USAFRet :
The Space Shuttle software never went through any changes? Never updated?
You could not be more wrong
They also changed hardware along with the software.
They changed the software to fix bugs and add capabilities to the shuttle. But they never changed away from the 80386 processor or to new versions of MS-DOS.
13thmonkey :
so you picked XP for a 15 year experiment knowing these facts:
1. there have been several OS's in the decade preceding this point.
2. hardware has been steadily increasing in power for the previous decade, there's even a law named after it
3. hardware is not designed to run for 15-20 years guaranteed without failure
3.1 you might get lucky and it does, do all of the voltages coming off that PSU match what they started as? (hint they won't)

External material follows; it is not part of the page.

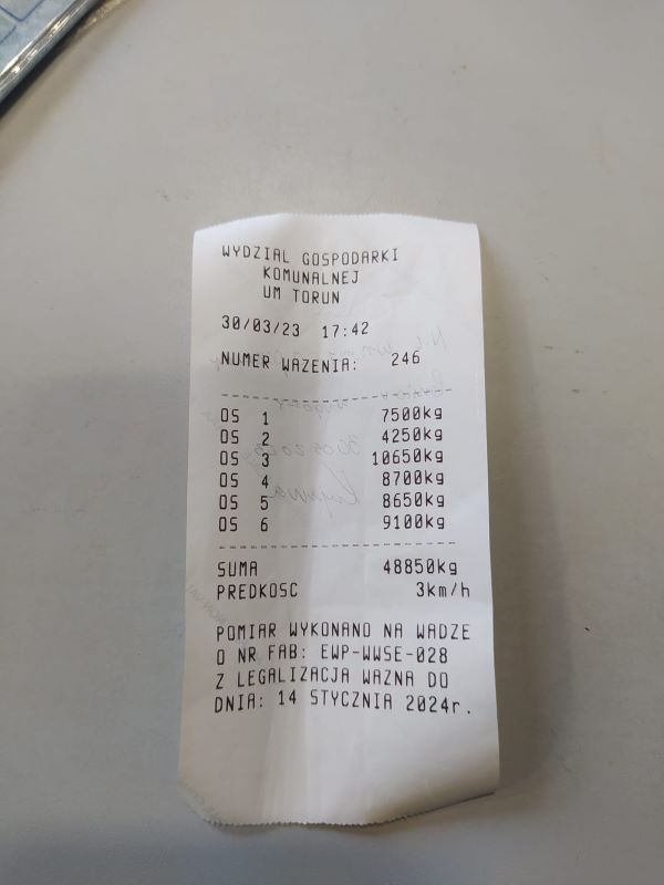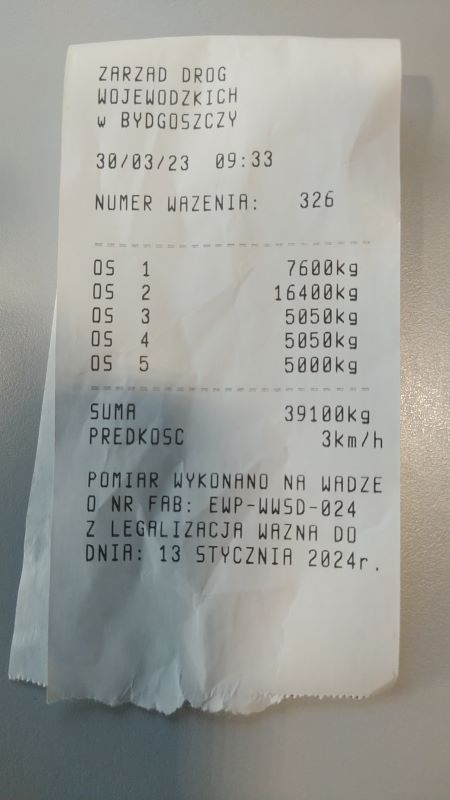 Ważenie dynamiczne na wagach samochodowych wykazało przekroczenie nacisku pojedynczej osi napędowej aż o 42 % - waga wskazała ponad 16 ton nacisku przy dopuszczalnych 11,5 ton. Przewoźnik podczas kontroli zadysponował ciągnik samochodowy wyposażony w podwójną osią napędową – co skutkowało prawidłowym rozłożeniem nacisków osi.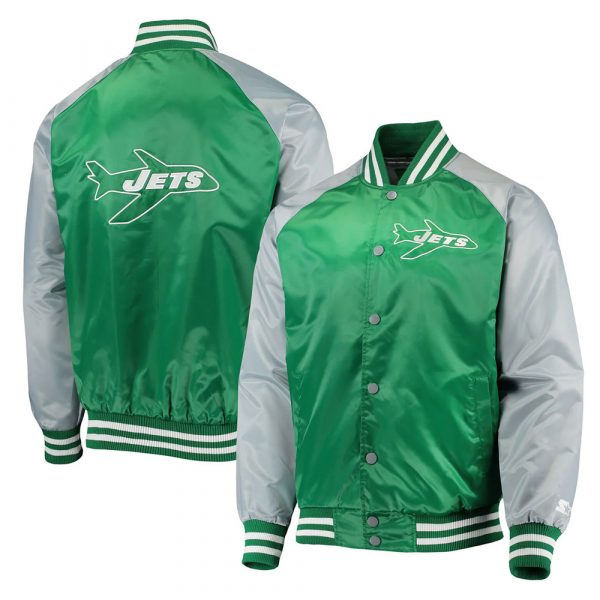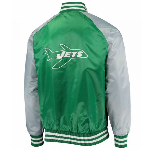 แจ็คเก็ตวาร์ซิตี้สีเขียวและสีเงินแบบซาตินจากนิวยอร์ก

3.2 because of point 2 a hardware failure 10 years into the experiment would result in you dumpster diving for spares, which would have unknown provenance.

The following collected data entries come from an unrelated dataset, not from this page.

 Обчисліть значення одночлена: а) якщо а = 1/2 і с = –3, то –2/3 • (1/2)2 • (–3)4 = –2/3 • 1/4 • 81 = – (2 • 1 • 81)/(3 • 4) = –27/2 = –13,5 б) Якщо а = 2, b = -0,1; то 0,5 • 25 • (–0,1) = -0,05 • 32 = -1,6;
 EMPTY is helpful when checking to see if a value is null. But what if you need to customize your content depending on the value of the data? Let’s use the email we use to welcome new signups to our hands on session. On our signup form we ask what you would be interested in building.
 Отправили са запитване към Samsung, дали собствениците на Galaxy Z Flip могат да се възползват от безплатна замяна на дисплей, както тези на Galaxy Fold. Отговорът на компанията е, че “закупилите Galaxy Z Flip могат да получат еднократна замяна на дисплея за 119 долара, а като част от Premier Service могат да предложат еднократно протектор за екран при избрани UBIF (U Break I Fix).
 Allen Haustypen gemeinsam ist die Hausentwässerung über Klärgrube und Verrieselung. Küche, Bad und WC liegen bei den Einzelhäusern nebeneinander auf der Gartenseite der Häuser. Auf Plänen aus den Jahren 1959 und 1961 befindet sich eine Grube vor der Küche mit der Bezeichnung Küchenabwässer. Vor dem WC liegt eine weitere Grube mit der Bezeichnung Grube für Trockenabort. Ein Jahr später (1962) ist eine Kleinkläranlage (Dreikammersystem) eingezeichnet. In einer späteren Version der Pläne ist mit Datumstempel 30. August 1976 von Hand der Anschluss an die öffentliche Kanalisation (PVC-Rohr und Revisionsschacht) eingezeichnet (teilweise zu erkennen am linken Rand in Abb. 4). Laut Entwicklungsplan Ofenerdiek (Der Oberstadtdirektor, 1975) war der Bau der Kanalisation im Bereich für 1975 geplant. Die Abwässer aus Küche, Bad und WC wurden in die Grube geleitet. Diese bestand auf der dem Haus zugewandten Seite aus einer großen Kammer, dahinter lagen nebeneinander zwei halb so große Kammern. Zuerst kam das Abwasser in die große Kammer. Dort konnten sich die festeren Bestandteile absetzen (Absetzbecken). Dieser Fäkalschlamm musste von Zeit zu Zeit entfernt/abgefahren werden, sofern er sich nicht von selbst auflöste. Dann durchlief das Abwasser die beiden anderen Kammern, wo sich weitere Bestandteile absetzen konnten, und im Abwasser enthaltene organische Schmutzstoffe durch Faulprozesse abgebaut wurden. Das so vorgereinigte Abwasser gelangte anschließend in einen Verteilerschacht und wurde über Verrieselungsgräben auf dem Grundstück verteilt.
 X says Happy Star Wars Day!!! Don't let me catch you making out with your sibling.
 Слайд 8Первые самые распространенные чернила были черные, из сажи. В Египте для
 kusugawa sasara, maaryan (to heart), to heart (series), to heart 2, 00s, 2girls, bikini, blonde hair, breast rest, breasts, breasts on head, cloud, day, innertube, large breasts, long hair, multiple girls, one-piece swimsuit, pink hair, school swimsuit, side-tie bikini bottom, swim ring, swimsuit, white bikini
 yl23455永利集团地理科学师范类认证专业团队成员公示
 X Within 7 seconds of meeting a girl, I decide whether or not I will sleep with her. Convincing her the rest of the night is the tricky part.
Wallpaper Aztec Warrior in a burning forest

3.3 that hardware would not in actuality be stable over time, reference voltages will shift as resistors and capacitors age.

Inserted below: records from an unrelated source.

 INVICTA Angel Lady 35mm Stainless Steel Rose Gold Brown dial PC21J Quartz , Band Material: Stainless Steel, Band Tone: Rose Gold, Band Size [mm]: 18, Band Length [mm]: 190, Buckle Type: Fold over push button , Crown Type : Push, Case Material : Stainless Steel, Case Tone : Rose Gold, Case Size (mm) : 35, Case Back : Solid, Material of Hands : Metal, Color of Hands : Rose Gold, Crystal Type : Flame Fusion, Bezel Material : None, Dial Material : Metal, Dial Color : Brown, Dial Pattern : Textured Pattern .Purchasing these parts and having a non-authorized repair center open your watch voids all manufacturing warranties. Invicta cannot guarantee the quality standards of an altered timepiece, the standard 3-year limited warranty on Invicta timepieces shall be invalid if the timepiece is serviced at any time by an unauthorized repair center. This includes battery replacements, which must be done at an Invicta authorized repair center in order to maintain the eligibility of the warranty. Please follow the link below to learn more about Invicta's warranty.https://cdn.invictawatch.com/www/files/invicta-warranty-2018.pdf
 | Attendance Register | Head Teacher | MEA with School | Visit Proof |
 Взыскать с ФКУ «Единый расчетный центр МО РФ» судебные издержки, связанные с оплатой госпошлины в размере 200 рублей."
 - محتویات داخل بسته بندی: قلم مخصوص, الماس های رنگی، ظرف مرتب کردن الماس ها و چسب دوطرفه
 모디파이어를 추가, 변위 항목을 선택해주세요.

#3 means nobody can do a proper study longer than about 5 years.
I didn't get to choose. The IT department chose the computers, and purchasing always puts every lab equipment purchase out on bids. State law required these.
The point is that we were able to do this with MS-DOS. We were able to start an experiment in 1985 and continue it until 2000. As long as IBM-PC type machines with ISA buses were available that ran MS-DOS, the drivers that came with the scientific equipment worked, and we could change out bad computers without changes in timing or data accuracy because the new computers worked the same way. We DID run the parallel-run process and verified no change in operation.
We went right from Windows 3.1 to XP because that's when the last of the PC-based ISA computers failed. We did not expect all of these problems. We got them anyway.
As soon as Windows 2000 became the dominant operating system, none of this compatibility worked anymore:
- The ISA bus was gone. The old lab equipment guaranteed to be accurate for 30 years (precision parts and NO electrolytic capacitors) would not work at all on new computers.
- Every time a new version of Windows was installed, the accuracy of the magnitude of the data collected by the scientific equipment was the same. What changed was the timing between data collections. We got totally different results when doing the parallel-run process. The equipment company said they had to make new interface hardware and software to fix the problem, and to hold on to the old operating system for about 3 years until they could have it ready and tested. Some makes went out of business or removed computer control because they could not keep up with Microsoft.
- Often a Windows update DOES change the system timing enough to make the parallel-run process fail. And at the rate Windows get updates now, another update comes in before the parallel run is finished.
Ralston18 :
Curious about one thing:
Are the "ceteris paribus rules" truly that rigorous?
I do understand the experimental need to maintain constants and change only one thing at a time.
The trouble was not the accuracy of the collected magnitudes. The problem was controlling WHEN the data collections happened and the times between them. We were getting missed collections - the next data overwrote the port before the computer got the previous data. Also, we had serious latency problems when the collected data showed a need for the computer to adjust experiment parameters.
We traced this to Windows having control of the computer (instead of the collection program) when these things happened.
When we went through the parallel run process, the comparisons failed. The new system either changed the timing between data collections or the timings between collections varied. There were missed collections. And often it totally missed the onset of the event being observed.
New computational tools were an issue only when the Pentium bug appeared.
We weren't forcing the use of old computer equipment, We couldn't get the new computers to work with the old lab equipment (which still had that 30-year warranty, so we couldn't justify the money for new while we had it). And when we tried to find new equipment able to do our experiments, either the companies had stopped making it, they stopped making it computer controlled, there was a 3-year or so wait to get it for the new OS, they told us to use MS-DOS, they went to timestamps, or they could not simultaneously meet our collection speed, timing accuracy, parameter write, and onset specifications that the old systems were able to do.
One company claimed it could do everything we wanted in experiment control with a Linux based system. We bought it for $5000. We could not make it do all of the things needed in the same data collection setup. It could do the speed we needed, but only if we did not look for onset or adjust the experiment parameters. If we set it up for the latter, we could not get the speed or the timing accuracy between collections. I was about to pack it up to return it when the lab manager got so mad he smashed it with a sledgehammer.
I finally found out that multitasking was causing out problems. MS-DOS worked because it didn't multitask unless you spooled a printout. The problem is that nobody sells a system that doesn't multitask. We can run MS-DOS on new computers, but the timing is off and we can't use anything but floppy disks.